Try it
The answer must consist only of the lines in the records below from the line with "리사이클 소재의 핑크 후드 톱은 머렐(MERRELL)." to the line with "يطمئن إلى كفاية", both included, copied word for word with every picture left out.

Data listing
•••••

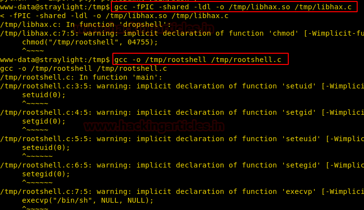 gcc -fPIC -shared -ldl -o /tmp/libhax.so /tmp/libhax.c
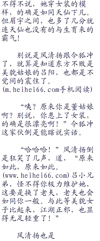 东方不败功夫不弱,只要不是风清扬出手对付她。吕阳倒也不是十分担心。趁着天还未亮,又跟风清扬拆了几招。
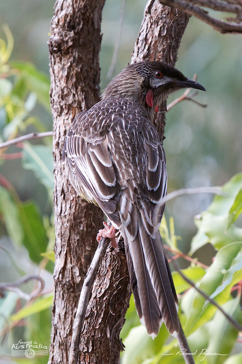 - ^ Saunders, Anthony S. J.; Burgin, Shelley (2001). "Selective foliage foraging by Red Wattlebirds, Anthochaera carunculata, and Noisy Friarbirds, Philemon corniculatus". Emu. 101 (2): 163–66. Bibcode:2001EmuAO.101..163S. doi:10.1071/MU00007. S2CID 82157738.
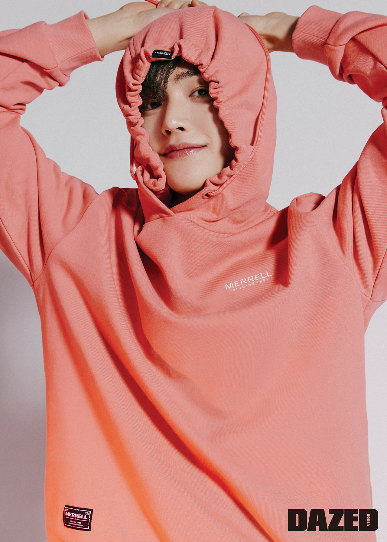 리사이클 소재의 핑크 후드 톱은 머렐(MERRELL).
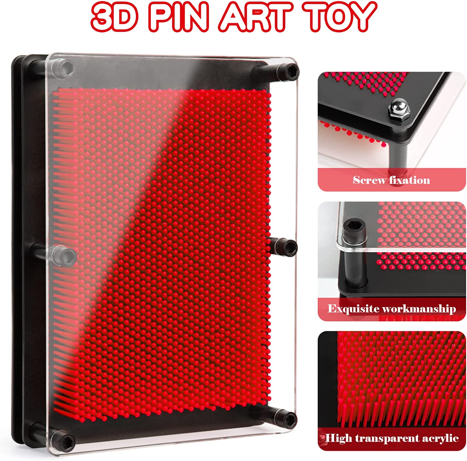 【3D PIN TOY】Pin art sensory toy is ideal for kids boys girls, you can press an object into the wall of this pin toy imperssion to leave an impressional profile, like Batman toy statue, dinosaur toys, your handprint or facial contour and so on. Enjsd 3d pin art toy will create inimaginable 3d sculptures, inspiring children's boundless creativity and imagination.
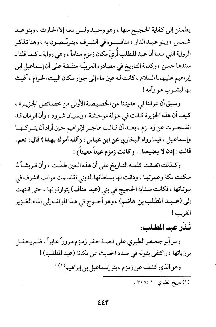 يطمئن إلى كفاية الحجيج منها، وهو وحيد وليس معه إلا الحارث، وينو عبد شمس، وبنو عبد الدار، منافسوه في الشرف، يتربّصون به، وهنا تذكر الرواية التي معنا أن عبد المطلب أُريَ مكان زمزم مناماً، وهي رواية -كما قلنا- سندها حسن، وكلمة التاريخ في مصادره العربيّة متفقة على أن إسماعيل ابن إبراهيم عليهما السلام، كانت له عين ماء إلى جوار مكان البيت الحرام، أغيث بها ليشرب هو وأمه!
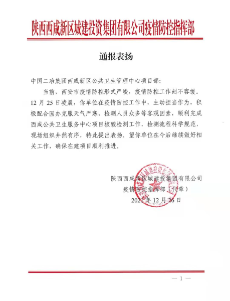 表揚信中說到,當前西安市疫情防控形勢嚴峻,疫情防控工作刻不容緩。12月25日凌晨,中國二冶西咸新區公共衛生管理中心項目部在疫情防控工作中,主動擔當作為,積極配合園辦克服天氣嚴寒、檢測人員眾多等客觀因素,順利完成西咸公共衛生服務中心項目核酸檢測工作,檢測流程科學規范,現場組織井然有序。信中還說,希望西咸新區公共衛生管理中心項目部在今后繼續做好相關工作,確保在建項目順利推進。

•••••

Task result
 리사이클 소재의 핑크 후드 톱은 머렐(MERRELL).
 【3D PIN TOY】Pin art sensory toy is ideal for kids boys girls, you can press an object into the wall of this pin toy imperssion to leave an impressional profile, like Batman toy statue, dinosaur toys, your handprint or facial contour and so on. Enjsd 3d pin art toy will create inimaginable 3d sculptures, inspiring children's boundless creativity and imagination.
 يطمئن إلى كفاية الحجيج منها، وهو وحيد وليس معه إلا الحارث، وينو عبد شمس، وبنو عبد الدار، منافسوه في الشرف، يتربّصون به، وهنا تذكر الرواية التي معنا أن عبد المطلب أُريَ مكان زمزم مناماً، وهي رواية -كما قلنا- سندها حسن، وكلمة التاريخ في مصادره العربيّة متفقة على أن إسماعيل ابن إبراهيم عليهما السلام، كانت له عين ماء إلى جوار مكان البيت الحرام، أغيث بها ليشرب هو وأمه!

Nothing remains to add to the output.